The benefit of transplantation of cord blood for reconstitution of bone marrow is well established, as is the need to preserve cord blood in public banks. However, perinatologists are often asked about the need and the applicability of commercially directed cord stem cell cryopreservation, a question that cannot be answered explicitly at the present time. Several studies indicate that cord stem cells enjoy a greater potential than that known by the treatment of blood diseases. Dr. Sanchez-Ramos focuses his survey, “Stem cells from umbilical cord blood,” on the plasticity of various stem cells of the cord blood and their prospective use apart from treating blood illnesses, such as repair of traumatic and degenerative diseases of the nervous system.[15]

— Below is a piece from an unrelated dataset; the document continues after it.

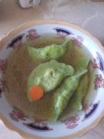 "Ciasto" . Wyjmujemy ciasto na stolnicę. Nastawiamy wodę w garnku. Ciasto należy rozwalkować bardzo cienko, nastepnie pociać na kwadraty o długości boku około 4 cm. Na kwadracie kładziemy farsz, zginamy po przekątnej i łączymy dwa rogi. (Jak uszka do barszczu). Tortellini gotujemy w osolonej wodzie, od czasu do czasu mieszając drewnianą łyżką, przez 3-4 minuty od momentu wypłyniecia na wierzch. 4. Tortellini podajemy w gorącym rosole.
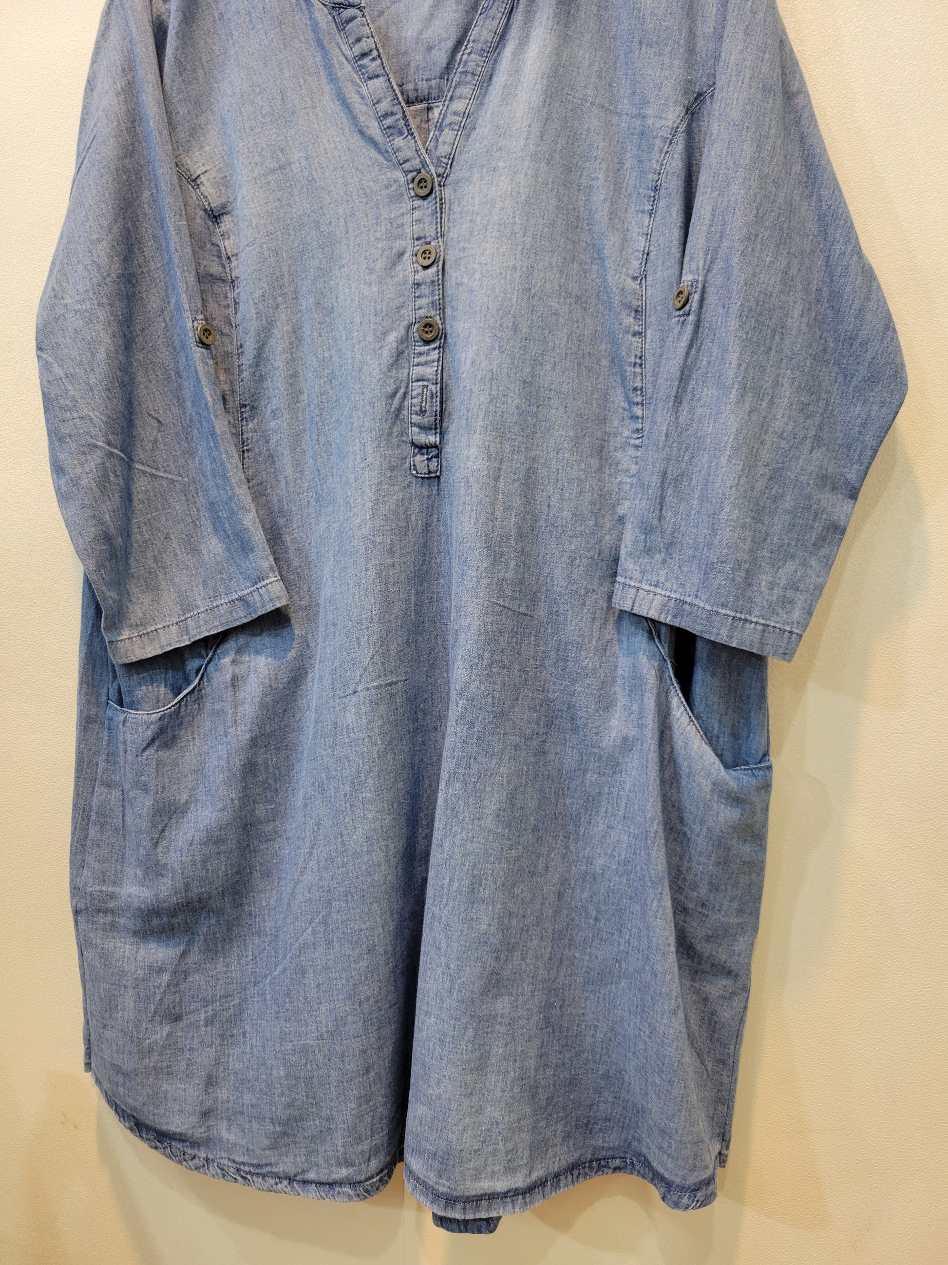 Denim Button Kurti (Light Blue)

Two articles in this issue deal with adult stem cells. The first presents testicular stem cells that give rise to spermatogenic cells and thus transmit parental genetic information to the offspring. Drs. Goossens and Tournaye, in their article, “Testicular stem cells,” examine the basic aspects of testicular stem cell biology, as well as practical approaches for their culture and cryopreservation for fertility preservation in pre-pubertal patients treated for cancer.[16]

Lastly, Drs. Serafini and Verfaillie, in their article, “Adult stem cells pluripotency: state of the art,” review the published reports that point to the intriguing possibility of the existence of pluripotent adult stem cells that can unexpectedly differentiate into cell types of all three germ layers akin to the process ESCs undergo.[17] This opposes the common perception that adult stem cells can only differentiate into a spectrum of cells consistent with their tissue of origin.

The aim of this Seminars issue was to bring together the knowledge, experience, and vision of diversified authoritative figures in the area of stem cells as they apply to reproductive medicine. The distinguished authors of this issue made a great effort to provide the readers with the most up-to-date information, and their fruitful dedication and undertaking are most appreciated. I hope that this special issue on stem cells raises the awareness of the great promise waiting to unfold via basic and translational research, and that the data presented here increase the involvement of reproductive medicine in this exciting and revolutionizing field.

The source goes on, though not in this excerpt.